I have time series data that has duplicate timestamp indexes but I would only like to drop a single row based on the integer location. For example if I have the following :
import numpy as np
import pandas as pd
dates = pd.to_datetime(["2015-10-22 09:40:00","2015-10-22 09:40:00","2015-10-22 09:40:00","2015-10-22 09:50:00","2015-10-22 10:00:00"])
data_rand = np.random.rand(len(dates),3)
col_head = ['A','B','C']
df = pd.DataFrame(data=data_rand, index=dates, columns=col_head)
print(df)
rowindex = 1
df.drop(df.index[rowindex], inplace=True)
#df.drop(df.index.iloc[[rowindex]], inplace=True)
print(df)
The data outputs a dataframe that looks like:
A B C
2015-10-22 09:40:00 0.755642 0.797471 0.366410
2015-10-22 09:40:00 0.475411 0.629229 0.733368
2015-10-22 09:40:00 0.003278 0.461901 0.184833
2015-10-22 09:50:00 0.803465 0.218510 0.864337
2015-10-22 10:00:00 0.153356 0.950724 0.249950
Now if I wanted to remove the second row I would use the drop function but because there are two other labels with the exact same index all three would be dropped. Is there a way to only drop the middle of the three duplicate time stamps? I would prefer to do this without resetting the index.

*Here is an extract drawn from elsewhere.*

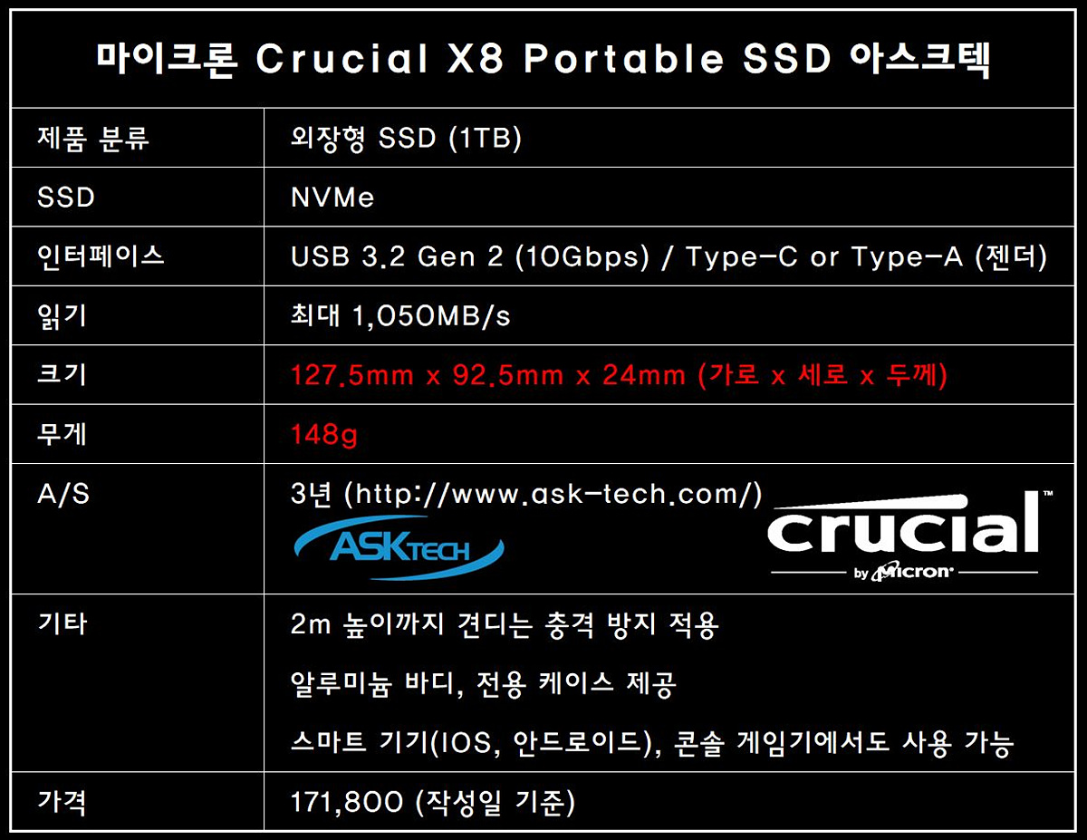 ■ 마이크론 Crucial X8 Portable SSD 아스크텍

What I would want the data to look like is this:
A B C
2015-10-22 09:40:00 0.755642 0.797471 0.366410
2015-10-22 09:40:00 0.003278 0.461901 0.184833
2015-10-22 09:50:00 0.803465 0.218510 0.864337
2015-10-22 10:00:00 0.153356 0.950724 0.249950
You could use iloc
or loc
like
In [5055]: idx = np.ones(len(df.index), dtype=bool)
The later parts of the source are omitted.